=== ASSIGNED TASK ===
Shown below is a listing with pictures; reproduce exactly, and only, the lines between the ones containing "Découvrons ensemble cette" and "مملوكة مسبقًا Love", inclusive, leaving the pictures out.

::: THE RECORDS :::

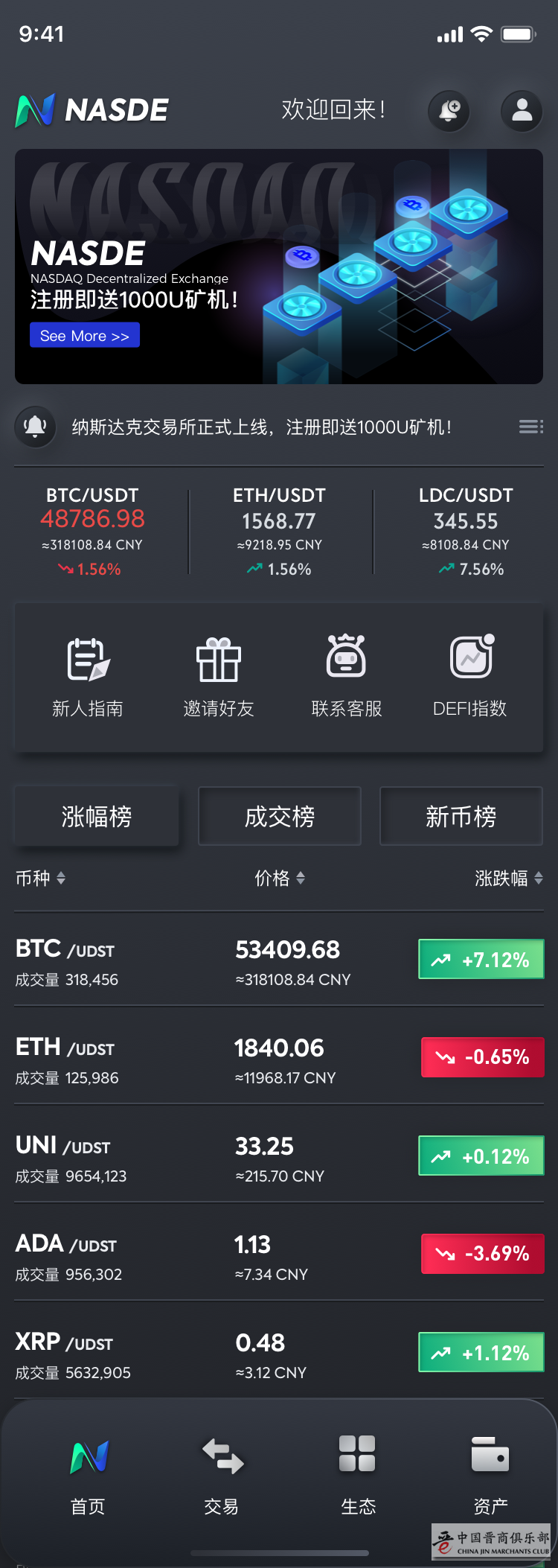 纳斯达克去中心化交易所4月上线,拥有CGLDM映射发行LDC通证的蓝鼎会员,将是第一个吃螃蟹的人!
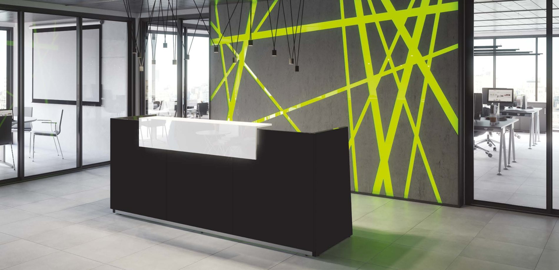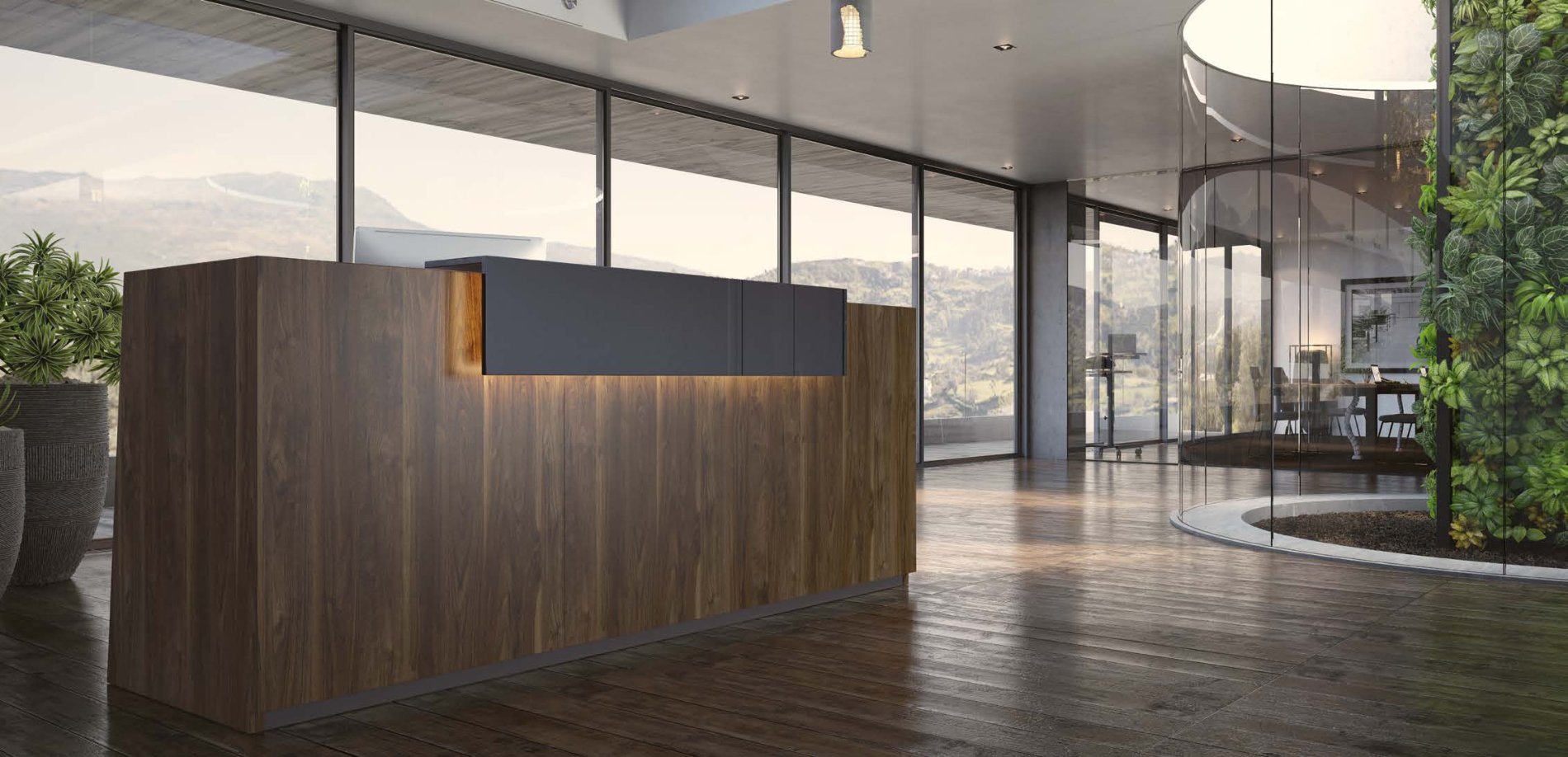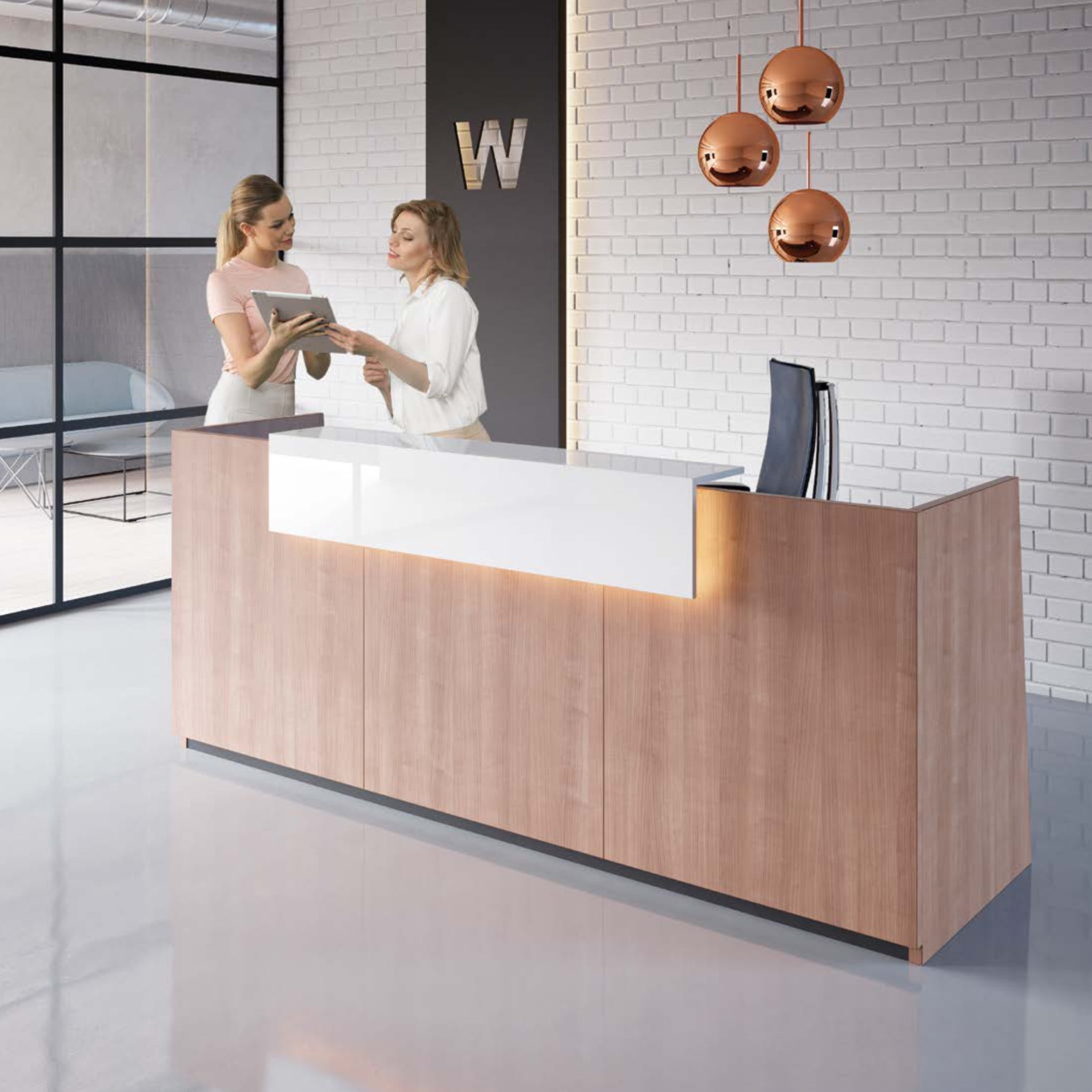 Jednorodny front z wciętym cokołem wyposażono w nadstawkę, która poza kwestiami praktycznymi, posiada niewątpliwy walor estetyczny – przełamuje zwartą bryłę i różnicuje płaszczyzny. Boki lady są ścięte lekko pod kątem.
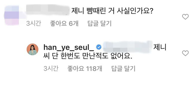 Sau khi bạn trai bị Dispatch "bóc" quá khứ trai bao, Han Ye Seul đã viết 1 tâm thư dài trên trang cá nhân. Vào ngày hôm qua (4/6), nữ diễn viên tiếp tục trực tiếp trả lời bình luận của fan, thông qua đó làm rõ 1 số tin đồn về bản thân. Trong số đó có tin đồn Han Ye Seul từng tát thẳng mặt Jennie (BLACKPINK) trong lúc cô đang hẹn hò Teddy, vì nghi Jennie và bạn trai mình "có điều mờ ám".
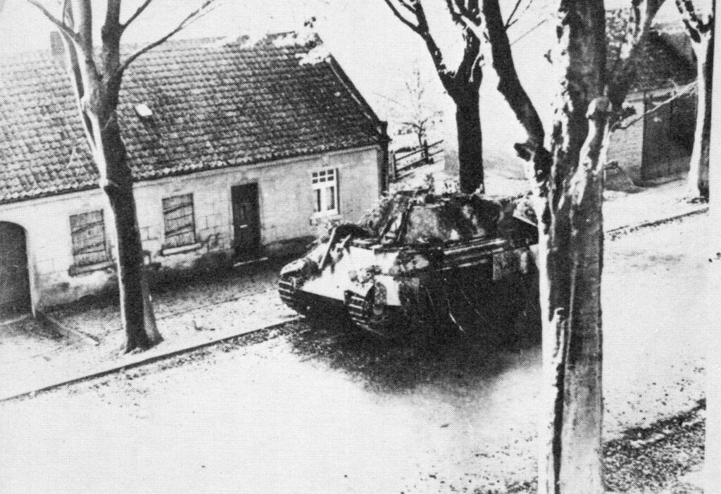 “Meijel itself was in an indescribable mess. Every house in the village itself and every farm nearby was flat. Burnt-out tanks and half-tracks, American and German, littering the dreary peat-bog, gave silent testimony to the tough fight put by the 7th U.S. Amoured Division. For the next three days the H.L.I and the R.S.F. were to be busy clearing roads through the chaos of rubble, craters, felled trees and mines of every sort sown in incredible numbers.”
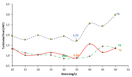 Turbidez final (UNT) del tratamiento 1, tratamiento 2 y tratamiento 3
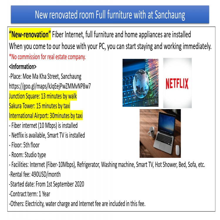 “New-renovation” Fiber Internet, full furniture and home appliances are installed
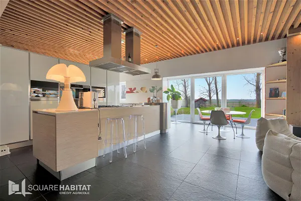 Découvrons ensemble cette propriété à l'abri des regards construction à la pointe de la modernité énergétique 'maison passive' grand séjour lumineux cuisine ouverte et équipée
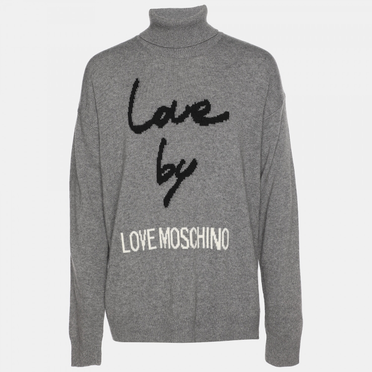 مملوكة مسبقًا Love Moschino Grey Rib Knit Turtle Neck Sweater L
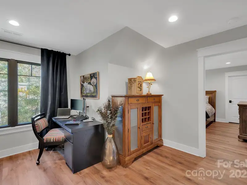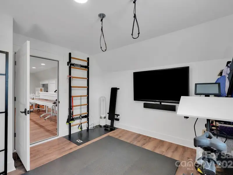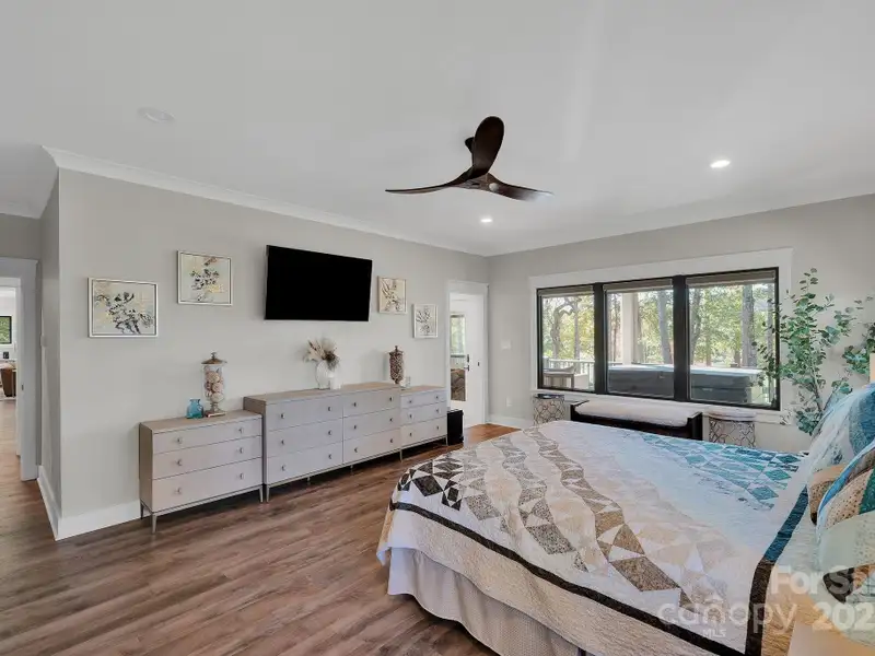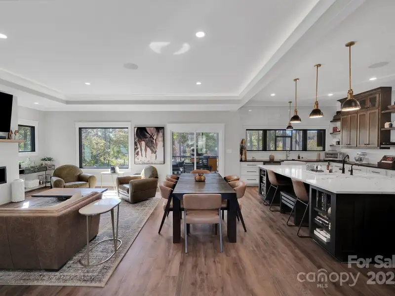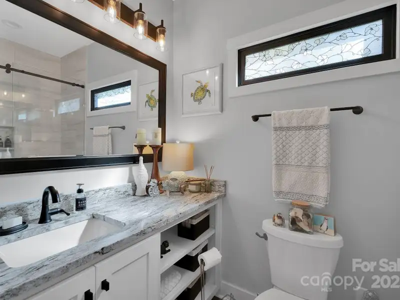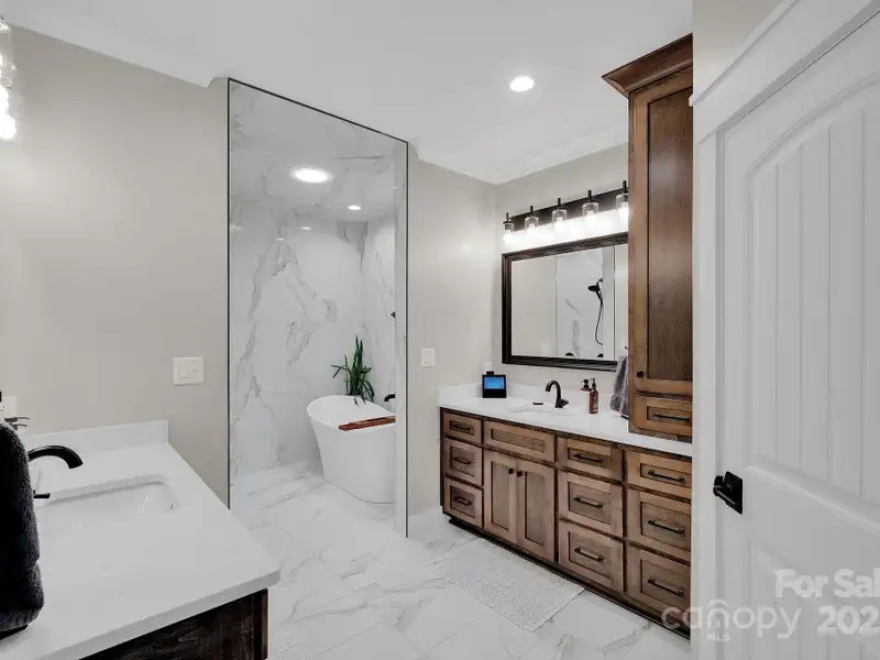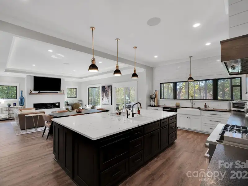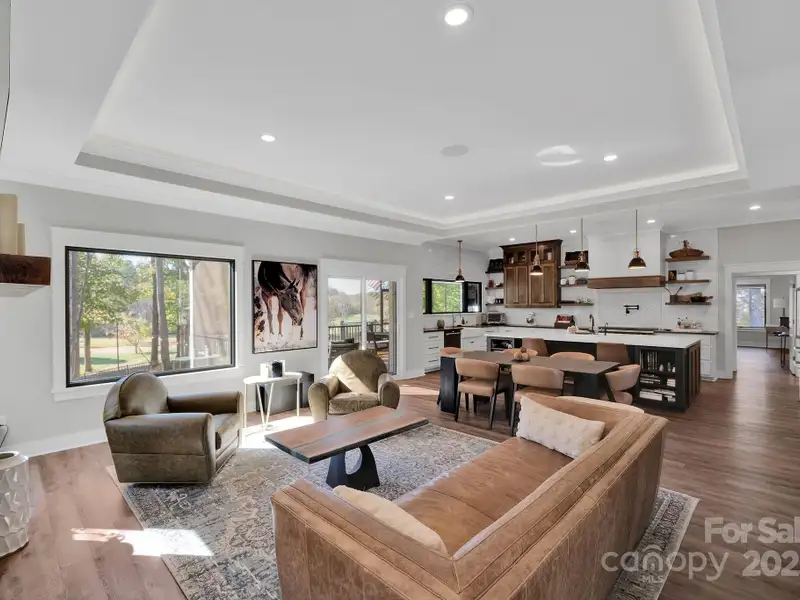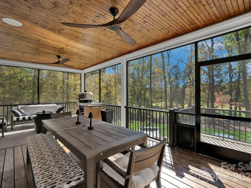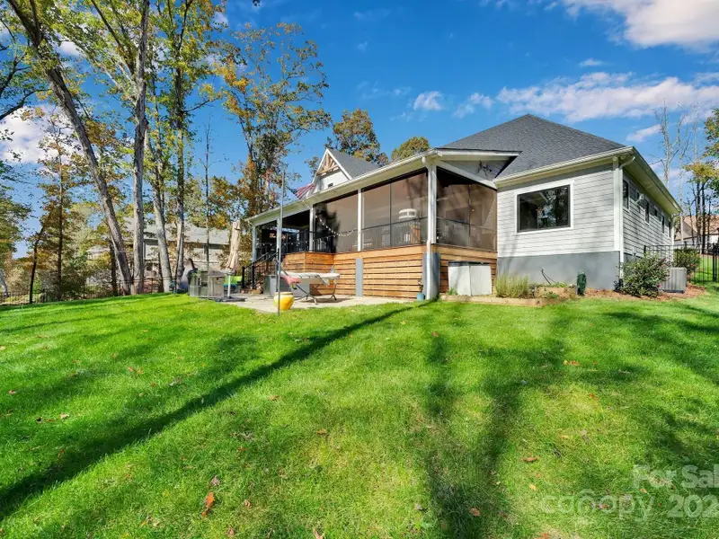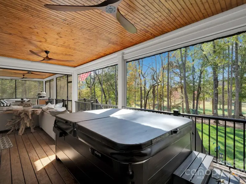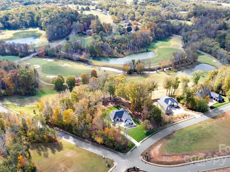 A truly exceptional, custom-built home perfectly positioned on 1.23 acres overlooking the 13th and 14th fairways of the prestigious Jones Golf Course at Rock Barn. Completed in 2022, this home offers privacy and stunning sunset and water feature vistas; a rare offering within this sought-after community. The open-concept main level features 10 ft ceilings, custom trim and wainscoting, crown coping, and casement picture windows framing the beautiful golf course views. The chef's kitchen is a showpiece, boasting a 48" dual-fuel range with commercial-grade hood, Cafe appliances with beverage center, marble backsplash to the ceiling, oversized quartz island with prep sink, instant hot water, glass rinser, pot filler, and custom solid maple cabinetry with built-in mixer lift, open shelving, and under cabinet lighting. A walk-through pantry with hidden Murphy door adds both charm and practicality. The primary suite is a private retreat featuring an exquisite spa-style wet room with curbless marble shower (dual heads + rain shower) and soaking tub enclosed in marble, along with a custom-built closet system and direct access to the laundry room for convenience. All bathrooms feature designer tile, high-end fixtures, and retractable sink heads. Outdoor living is at its best here. Enjoy a screened porch with retractable panels for an unobstructed view, a saltwater hot tub, and a fully equipped outdoor kitchen with sink, refrigerator, and countertop. Step down to a paver patio with a Pyro fire pyramid and under-deck storage space. Even more, the yard includes full irrigation, landscape lighting, and a fenced backyard. Additional highlights include an encapsulated crawl space, whole-house water filtration system, tankless gas recirculating water heater, and Generac generator with a dedicated panel for backup power. Three HVAC zones ensure year-round comfort. LP SmartSide siding, a stone mailbox, and flemished double front doors add timeless curb appeal. The oversized garage is designed for convenience with epoxy flooring, insulated doors, side-mount quiet lifts, a utility sink, hot/cold water spigot, and storage shelving. A separate golf cart bay and EV prewire offer flexibility for modern living. Every space has been maximized with thoughtful design; from oversized bedrooms with ample closets to a vaulted foyer with tongue-and-groove bead board ceiling. Even practical details have been elevated, like the central vacuum system with in-wall retractable hoses, and step lighting on the staircase. Become a member of the Rock Barn Country Club and enjoy access to world-class amenities including championship golf courses, a luxurious spa (do not need to be a member to access spa), fitness center, fine dining, and more; all within a peaceful, beautifully maintained setting. Experience the best of Rock Barn living and call 4111 Ridge Rd. NE your new home!

:::

=== EXERCISE RESPONSE ===
 Découvrons ensemble cette propriété à l'abri des regards construction à la pointe de la modernité énergétique 'maison passive' grand séjour lumineux cuisine ouverte et équipée
 مملوكة مسبقًا Love Moschino Grey Rib Knit Turtle Neck Sweater L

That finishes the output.